Exercise data —
== == ==

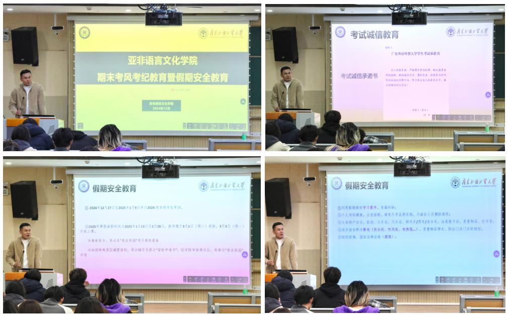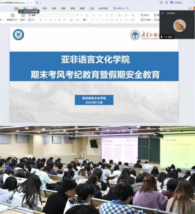 本网讯 12月19日晚,太阳成集团tyc7111cc在白云山校区一教南楼109教室召开了期末考风考纪教育暨假期安全教育大会,旨在端正考风,严肃考纪,强化公司学风建设,为期末考试及寒假筑牢纪律与安全防线。此次会议由公司辅导员蔡昊主持,大一至大三的同学线下参与,大四同学线上参会。
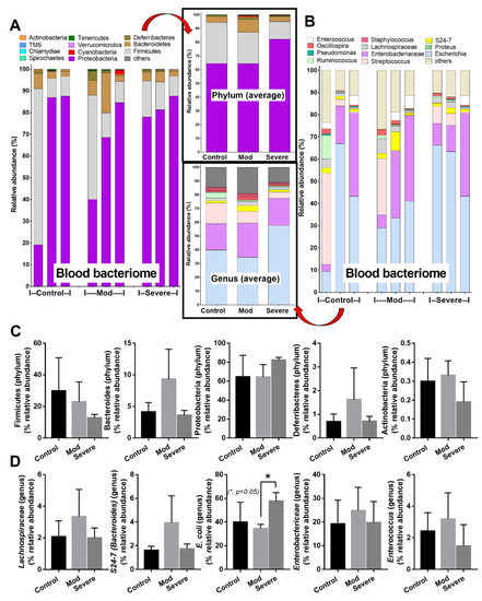 Blood microbiome analysis (blood bacteriome) from samples of healthy control (Control) and COVID-19 infection in moderate (Mod) and severe (Severe) conditions, as indicated by the phylum level analysis (with average value) (A), genus-level analysis, and average value (B). Graph presentation in phylum (C) and genus (D) analysis are demonstrated (n = 3/group). *—p < 0.05 between the indicated groups using one-way ANOVA with Tukey’s analysis.
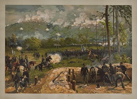 Fine 1887 L. Prang & Co., Boston chromolithograph depicting The battle of Kenesaw Mountain", 23 1/2" x 17", bearing two nominal 1/2" tears in margins, a few very scattered tiny brown spots which are virtually invisible, else very good.

== == ==

Instructions to follow — Reproduce all of the data exactly, omitting each picture it holds.

Task result —
 本网讯 12月19日晚,太阳成集团tyc7111cc在白云山校区一教南楼109教室召开了期末考风考纪教育暨假期安全教育大会,旨在端正考风,严肃考纪,强化公司学风建设,为期末考试及寒假筑牢纪律与安全防线。此次会议由公司辅导员蔡昊主持,大一至大三的同学线下参与,大四同学线上参会。
 Blood microbiome analysis (blood bacteriome) from samples of healthy control (Control) and COVID-19 infection in moderate (Mod) and severe (Severe) conditions, as indicated by the phylum level analysis (with average value) (A), genus-level analysis, and average value (B). Graph presentation in phylum (C) and genus (D) analysis are demonstrated (n = 3/group). *—p < 0.05 between the indicated groups using one-way ANOVA with Tukey’s analysis.
 Fine 1887 L. Prang & Co., Boston chromolithograph depicting The battle of Kenesaw Mountain", 23 1/2" x 17", bearing two nominal 1/2" tears in margins, a few very scattered tiny brown spots which are virtually invisible, else very good.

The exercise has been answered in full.